We are unable to assess the average frequency of TPHP use in nail polishes because we specifically chose polishes that contain TPHP. According to the EWG’s Skin Deep® cosmetics database, TPHP is used in about half of nail polishes available for sale between 2012–2015;²⁵ however, our findings indicating TPHP is unlabeled in some polishes suggests that the percentage of polishes containing TPHP may be higher. Levels of TPHP observed in samples were similar to those previously reported for other ingredients of concern in nail polish (e.g. dibutyl phthalate, which has generally been detected at <5% by weight in nail polish^{35, 36}).

Background Urinary DPHP Concentrations

A total of 101 urine samples were collected for measurements of background DPHP (control samples), of which 87 contained detectable levels of TPHP. From cohort 1, a pre-application sample was collected from each participant (n=16). From cohort 2, 65 background samples were collected during the control phase, and additional control samples were collected from each participant (n=10) at the start of the nail painting and glove phases. The geometric mean (GM) for all control samples (combining both cohorts) was 0.96 ng/mL (range = < MDL – 14.74 ng/mL) and was very similar to urinary DPHP concentrations reported in other U.S. cohorts.^{12, 16–19}

Urinary DPHP Concentrations After Nail Polish Application

DPHP was detected in 24 out of 26 urine samples collected 2–6 hours following application of nail polish to fingernails (T₂) (GM = 2.48 ng/mL; range = <MDL – 23.92 ng/mL; Figure 3) and all samples had detectable levels of DPHP 10–14 hours post-nail polish application (T₃) (GM = 13.02 ng/mL; range = 1.15 – 168.29 ng/mL). Compared to T₁, DPHP levels were higher at T₂, but not significantly so (10^β=1.26; 95% CI: 0.75, 2.10; p=0.38). However, a significant increase was observed at T₃, with urinary DPHP levels 6.59 times those collected at T₁ (95% CI: 3.95, 11.00; p<0.0001). These results suggest that nail polish use is likely a significant source of short-term TPHP exposure. Neither nail biting nor hand washing frequency was associated with the magnitude of change in urinary DPHP concentrations from T₁ to T₃, indicating that nail biting and hand washing frequency may not significantly modify exposure levels associated with nail painting (results not shown).

Geometric mean and standard deviation of urinary DPHP levels measured at 3 time different points before and after applying nail polish. (N=26 participants). *Indicates statistically significant difference from pre-application urine sample (p<0.001).

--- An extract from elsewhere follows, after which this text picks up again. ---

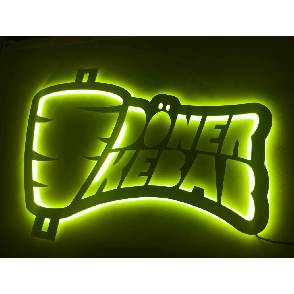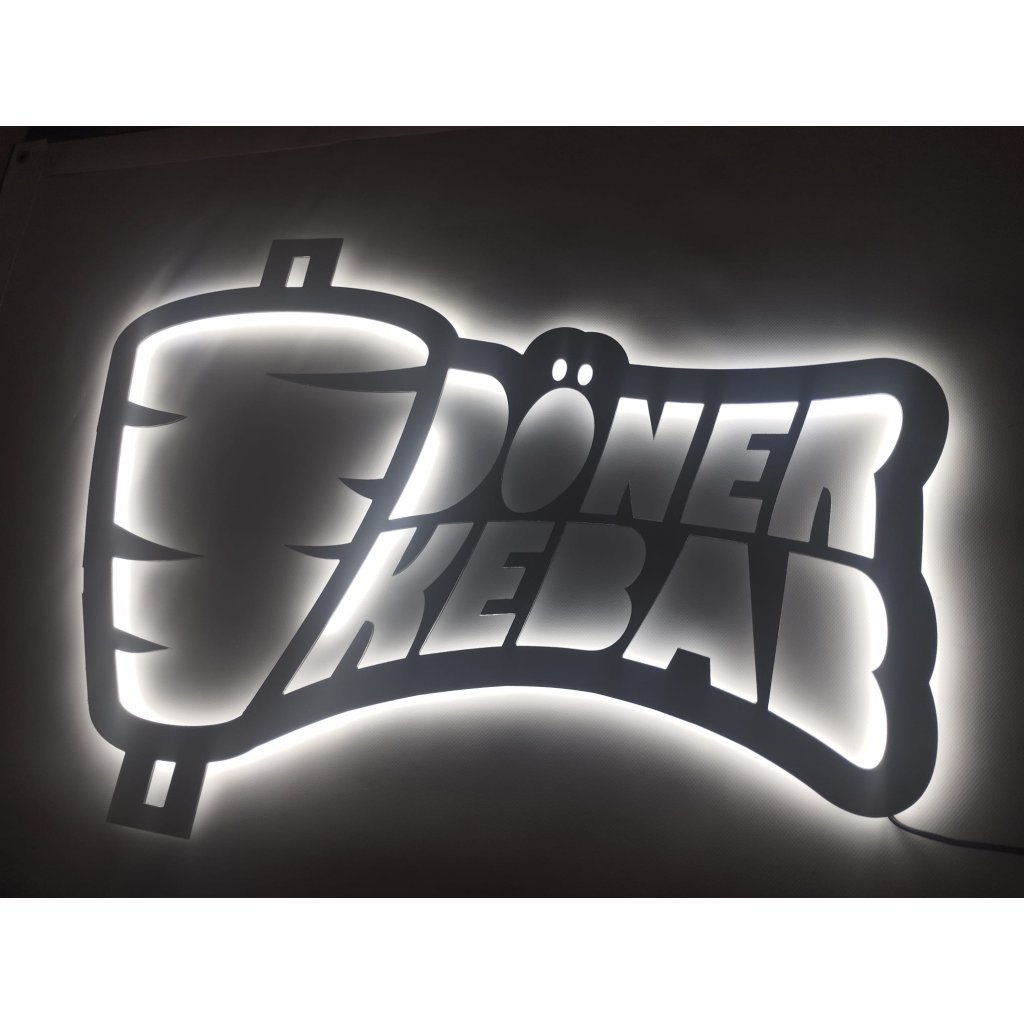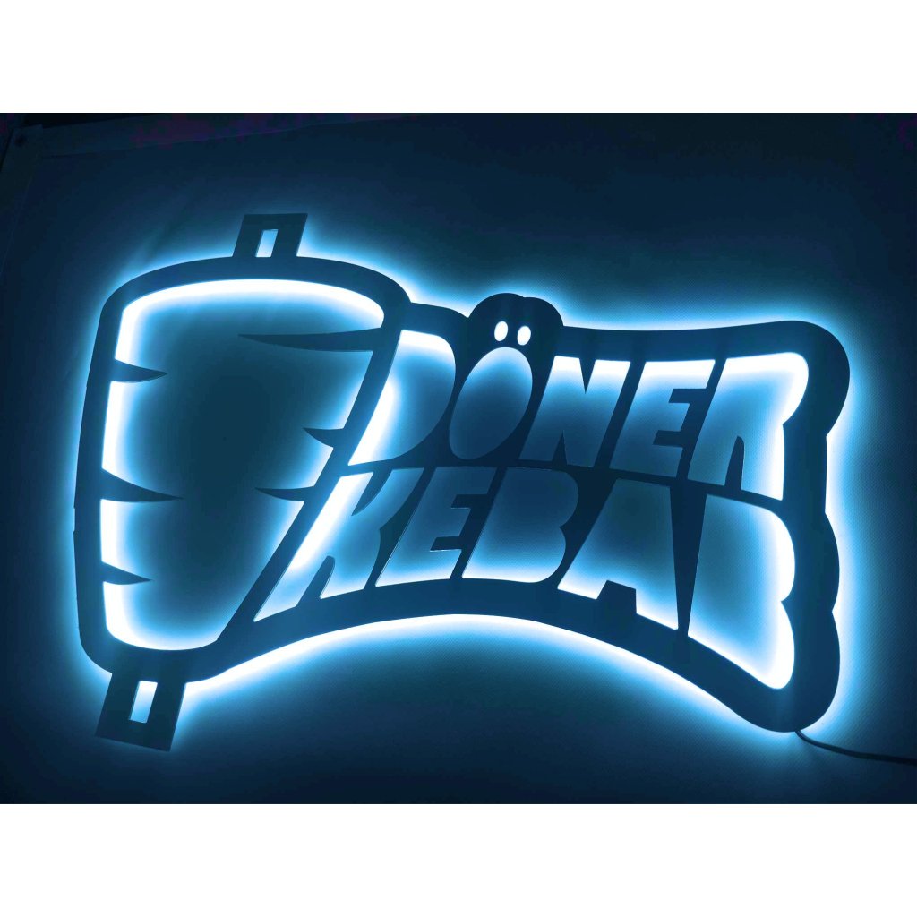 Moderná reklamná tabuľa s ikonickým motívom kebabu a nápisom „DÖNER KEBAB“, vybavená výrazným bielym LED podsvietením pre maximálnu viditeľnosť.
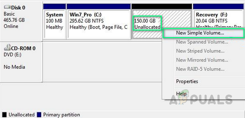 Shrinking C Drive Volume - Right-click on the Unallocated Space at the bottom right and select New Simple Volume.

We cannot determine when DPHP concentrations peaked in cohort 1 because urine samples were collected at only two time points after polish application. In cohort 2, of the six participants who collected only 24 hours of urine samples following nail polish application to fingernails, two exhibited peaks within the time frame, while four exhibited maximum urinary DPHP in their final samples, suggesting that DPHP concentrations may have peaked after completion of urine collection for these individuals (Figure 4). Three of the four participants who collected 48 hours of urine samples exhibited peaks in urinary DPHP concentrations between 10 to 20 hours post nail polish application (Figure 5). The maximum urinary DPHP concentration of the fourth participant who provided 48 hours of samples occurred in their final sample. In the control and glove painting phases, urinary DPHP concentrations over 24 and 48 hours were lower and showed less variability compared to the nail painting phase for the majority of participants, although some aberrations were observed (Figures 4 and 5). Differences between individuals in rates of uptake, metabolism, excretion or residual confounding by other exposures to TPHP may have contributed to the variability observed in urinary DPHP concentrations over time. Unfortunately we did not collect information on personal characteristics that may be related to these factors such as race and ethnicity, body mass index or other environmental exposures (e.g. smoking and tobacco use).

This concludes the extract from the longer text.